I’ve been working on this post for awhile now. A month, to be exact. But this was something I had to really think through before I shared. I had to first figure out what my own thoughts were before I could tell someone else what I was thinking.
And now, I’m ready to share.
Four weeks ago, we dropped our 15-year-old son Michael off at an out-of-state residential therapy center for adopted adolescents. He’ll be gone for at least a year. It was a grueling, challenging, tear-filled and gut-wrenching decision.
It wasn’t a quick decision, or one we took lightly. It followed years and years of trying so hard to connect with Michael; hoping for a breakthrough, crying because I couldn’t figure out why the love we had for him did not seem to be reciprocated. It followed years of chronic lying and stealing. It followed therapy sessions, 12 long years of crying out to God, and more than a decade of pain of having a child who just didn’t seem to love me back.
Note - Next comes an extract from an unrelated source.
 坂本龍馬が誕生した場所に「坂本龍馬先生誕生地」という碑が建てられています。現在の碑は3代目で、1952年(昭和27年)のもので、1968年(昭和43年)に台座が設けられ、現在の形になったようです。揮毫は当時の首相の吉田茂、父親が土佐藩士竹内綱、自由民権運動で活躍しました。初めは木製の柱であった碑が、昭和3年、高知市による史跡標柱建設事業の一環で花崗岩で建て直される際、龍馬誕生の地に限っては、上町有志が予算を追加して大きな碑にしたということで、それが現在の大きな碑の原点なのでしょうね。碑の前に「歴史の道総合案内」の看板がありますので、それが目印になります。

No matter how hard I tried, or what methods we employed (Love & Logic, TBRI, etc.) nothing seemed to work.
Early on, I knew Michael was not a “touchy feely” kid. In fact, when he was little and I would hug him, he would tense up because it made him so uncomfortable. After some time, I told him, “Mikey, it’s ok if you don’t want to hug me. One way you could show me you love me is just to come say goodnight to me each night before you go to bed.” Even though all of our kids say goodnight on the way to bed, Michael never would. More than 10 years went by, and not one “goodnight.” Even with gentle reminders around Mother’s Day or Christmas, nothing. It was devastating.
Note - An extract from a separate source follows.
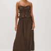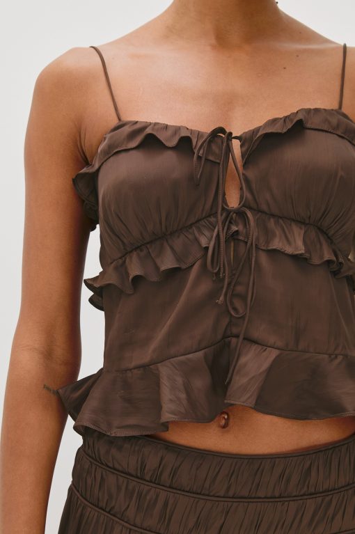 Crafted from silky crinkle satin, the Ortona Top has tiered ruffles and dainty tie closures. A side zipper and adjustable straps ensure the perfect fit.

My heart broke a long time ago. While I loved Michael unconditionally, there was a huge gaping hole in my heart because one of my own kiddos couldn’t love me back. As a parent, I never anticipated that. I didn’t prepare for that. Although had someone told me ahead of time, I don’t think I could have been prepared for it anyway.
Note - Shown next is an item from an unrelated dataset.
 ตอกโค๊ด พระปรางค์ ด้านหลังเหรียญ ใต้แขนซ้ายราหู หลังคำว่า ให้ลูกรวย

We talked to Michael a lot before he left. We involved him in the conversations, and asked for his thoughts. While he said he wanted to stay home, he also said he thought this residential therapy center would be the best fit for him for awhile. He knew he struggled in certain areas, and as desperately as we wanted to help him, we just couldn’t. He needed more, and we love him so much that we were willing to do anything we could to get him the help he needs. I want nothing more than for Michael to grow up and be an emotionally healthy adult; someone who can have healthy relationships and someday hopefully be able to connect with other people on a deeper level.
This center is the only residential therapy center that I’m aware of in the country that is specifically for adopted adolescents. Their therapy is centered around adoption-related issues. They use equine therapy as part of their program, and for any of you that know Michael, you know that is right up his alley.
So, it’s been four weeks. Chris and I have weekly Zoom therapy sessions with him. He has four group sessions a week and one individual therapy session per week. He has goals he’s working towards and things to look forward to. Today, he got to help a wild mustang start to build trust.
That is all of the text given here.